Supplied entries
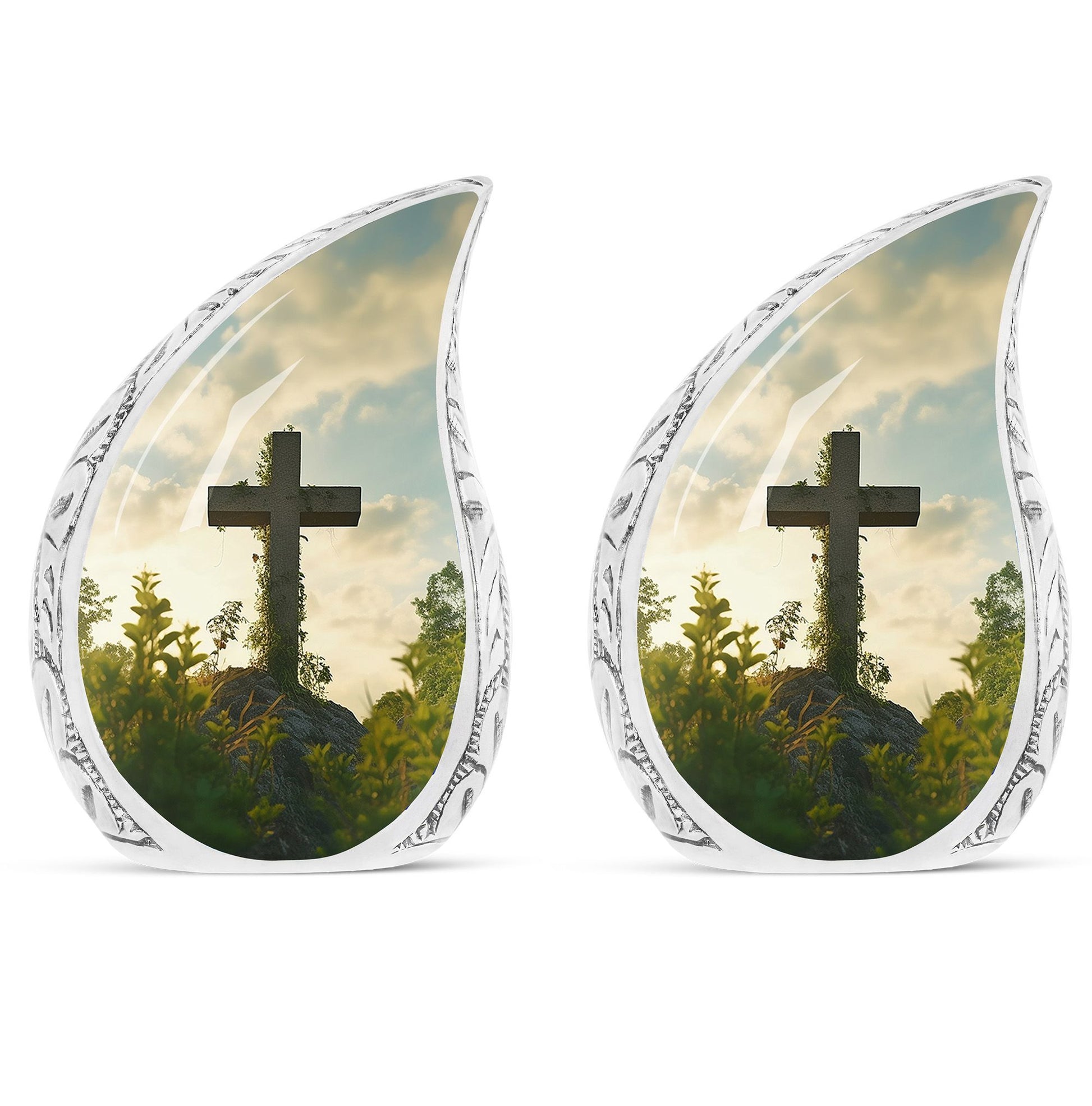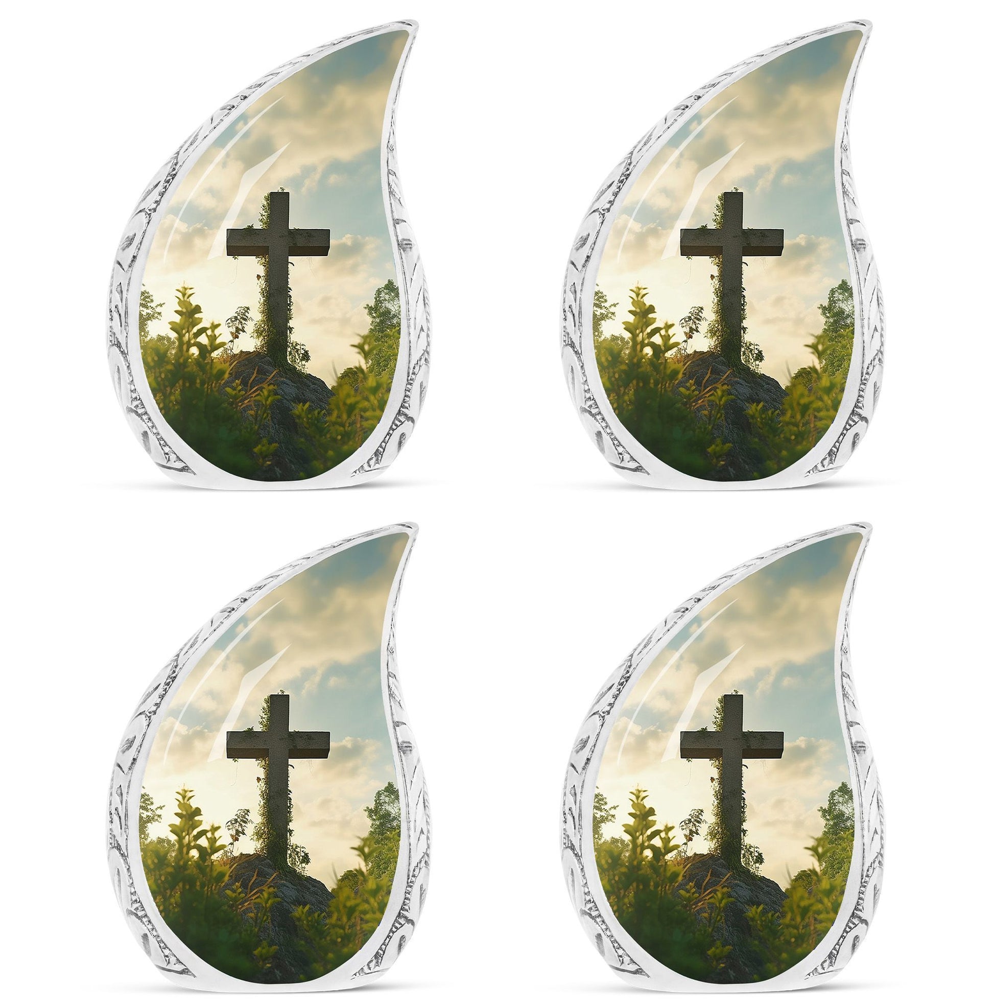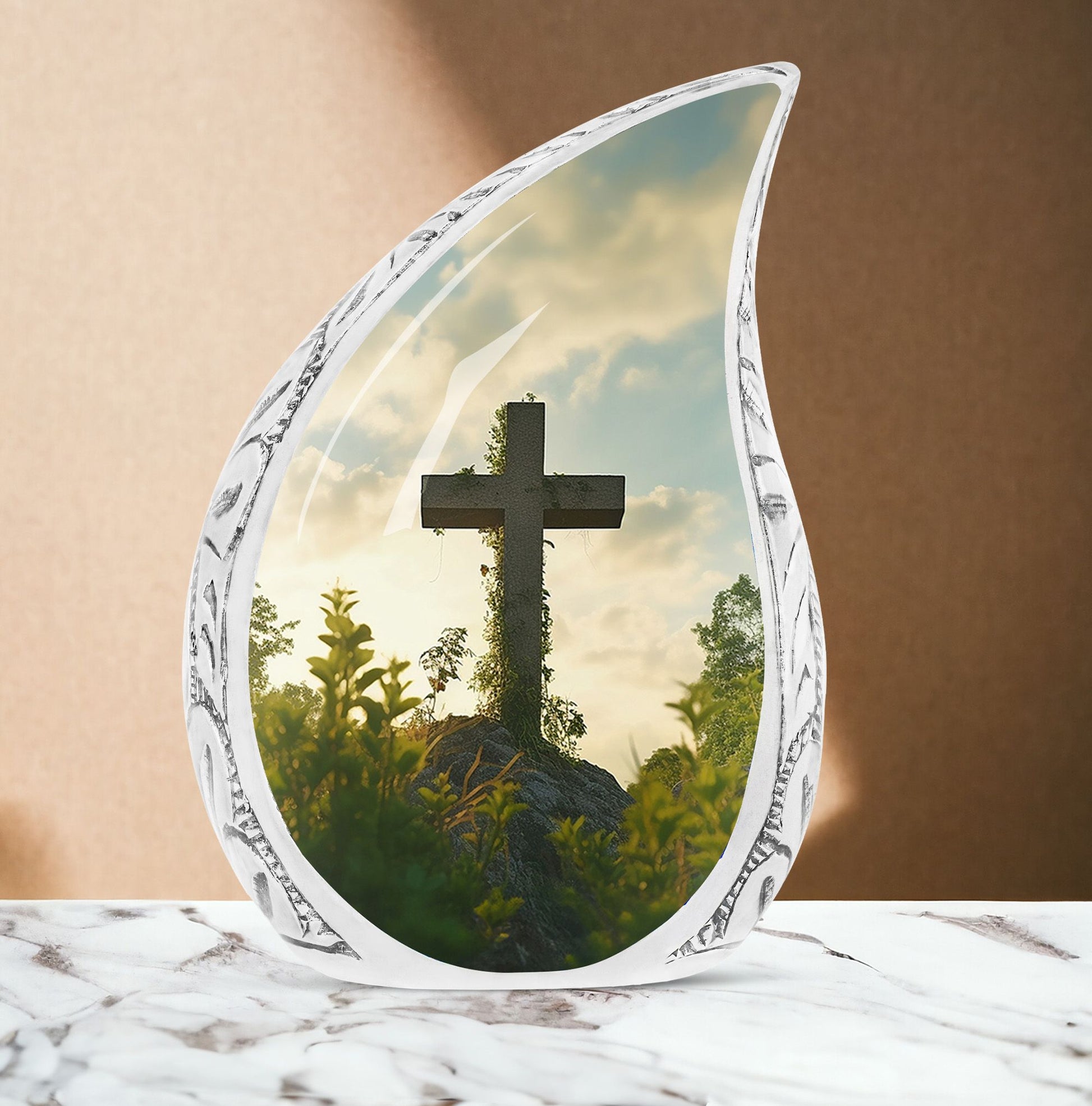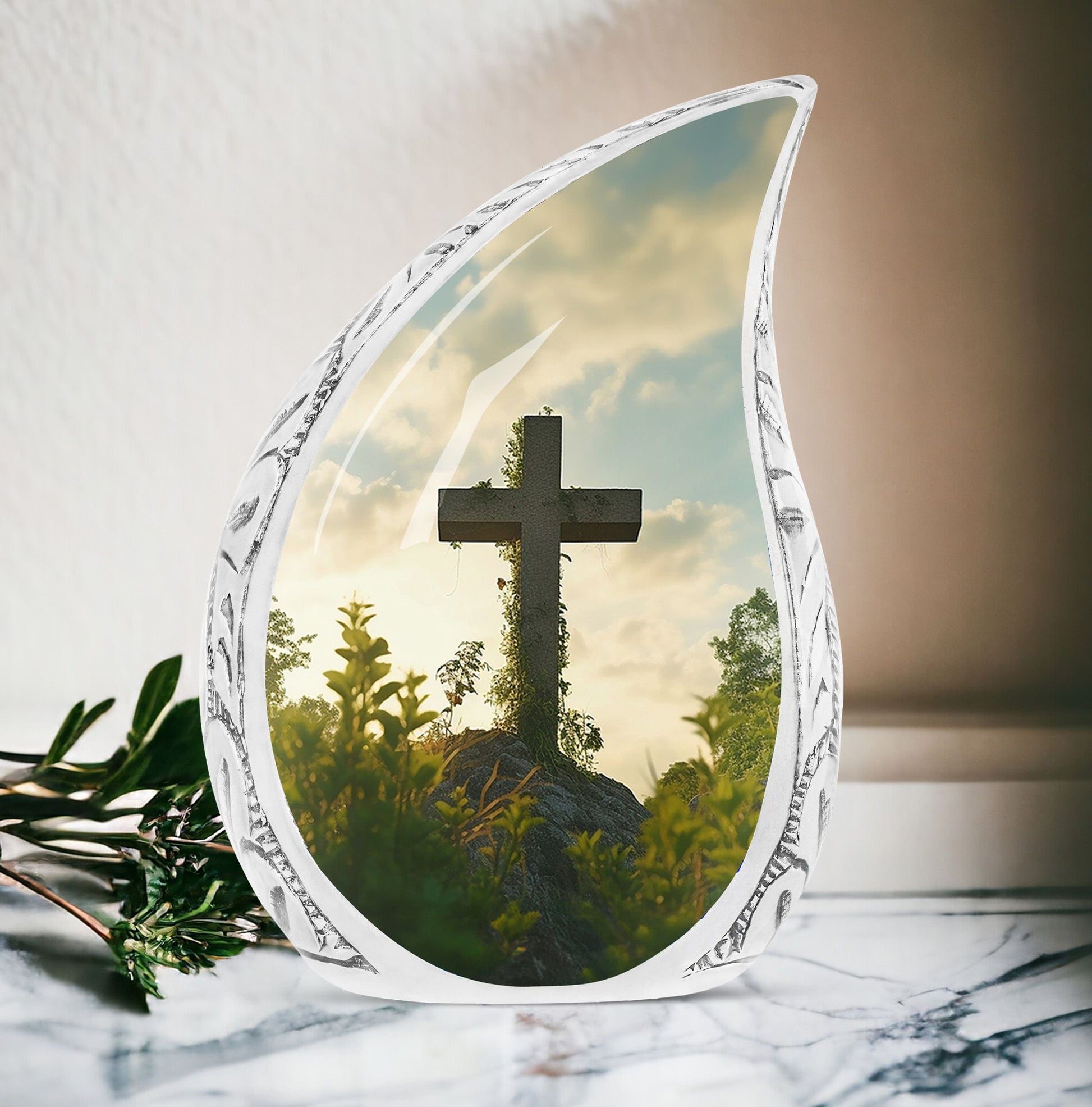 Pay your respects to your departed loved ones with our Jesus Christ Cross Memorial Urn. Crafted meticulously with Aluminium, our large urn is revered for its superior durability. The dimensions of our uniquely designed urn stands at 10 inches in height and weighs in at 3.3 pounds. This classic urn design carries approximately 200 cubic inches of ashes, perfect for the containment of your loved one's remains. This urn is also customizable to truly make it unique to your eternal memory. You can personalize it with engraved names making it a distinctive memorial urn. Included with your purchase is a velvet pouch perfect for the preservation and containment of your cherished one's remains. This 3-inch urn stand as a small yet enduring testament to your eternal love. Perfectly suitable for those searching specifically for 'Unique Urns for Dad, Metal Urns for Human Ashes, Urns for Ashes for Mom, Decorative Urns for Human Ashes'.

* * *

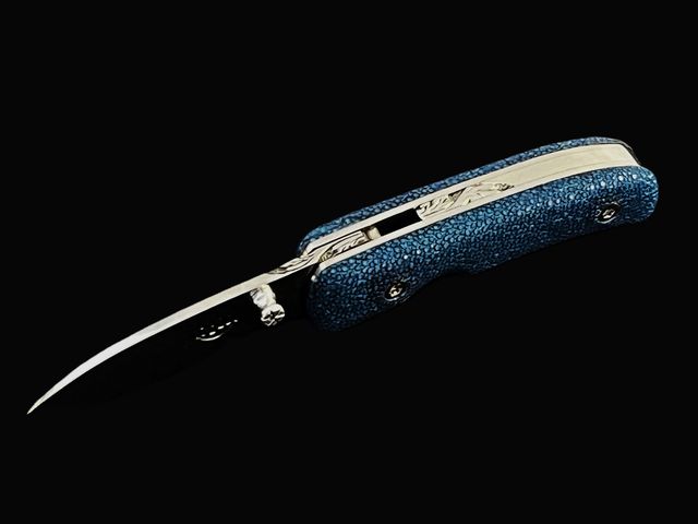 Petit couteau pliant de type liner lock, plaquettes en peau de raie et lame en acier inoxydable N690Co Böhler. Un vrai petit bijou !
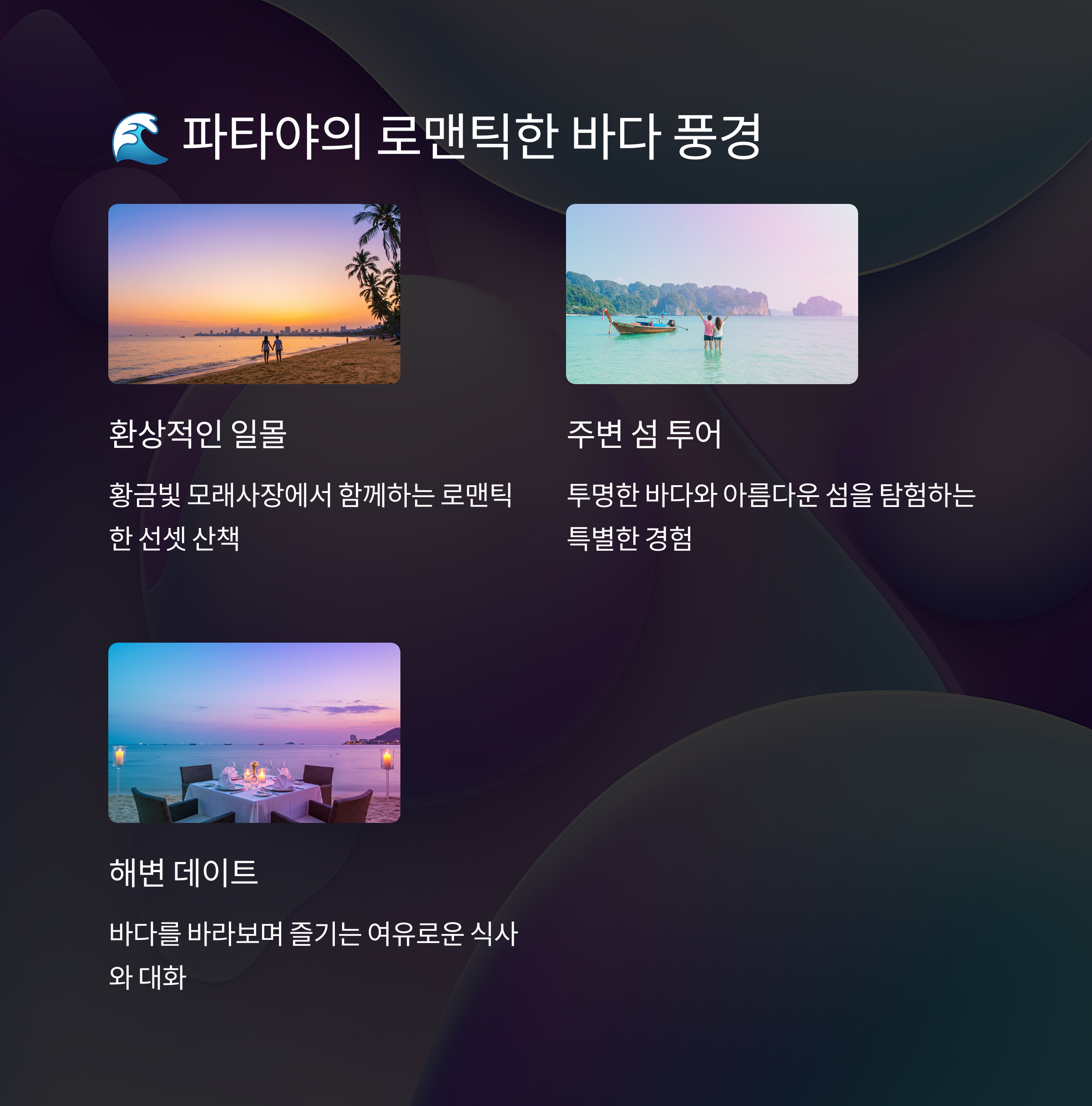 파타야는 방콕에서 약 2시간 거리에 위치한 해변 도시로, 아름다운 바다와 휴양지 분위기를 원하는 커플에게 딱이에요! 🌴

Task
Once the line with "Petit couteau pliant" is found in the data above, reproduce it and each line after it exactly, through the line with "파타야는 방콕에서 약". Omit the pictures.

Reply
 Petit couteau pliant de type liner lock, plaquettes en peau de raie et lame en acier inoxydable N690Co Böhler. Un vrai petit bijou !
 파타야는 방콕에서 약 2시간 거리에 위치한 해변 도시로, 아름다운 바다와 휴양지 분위기를 원하는 커플에게 딱이에요! 🌴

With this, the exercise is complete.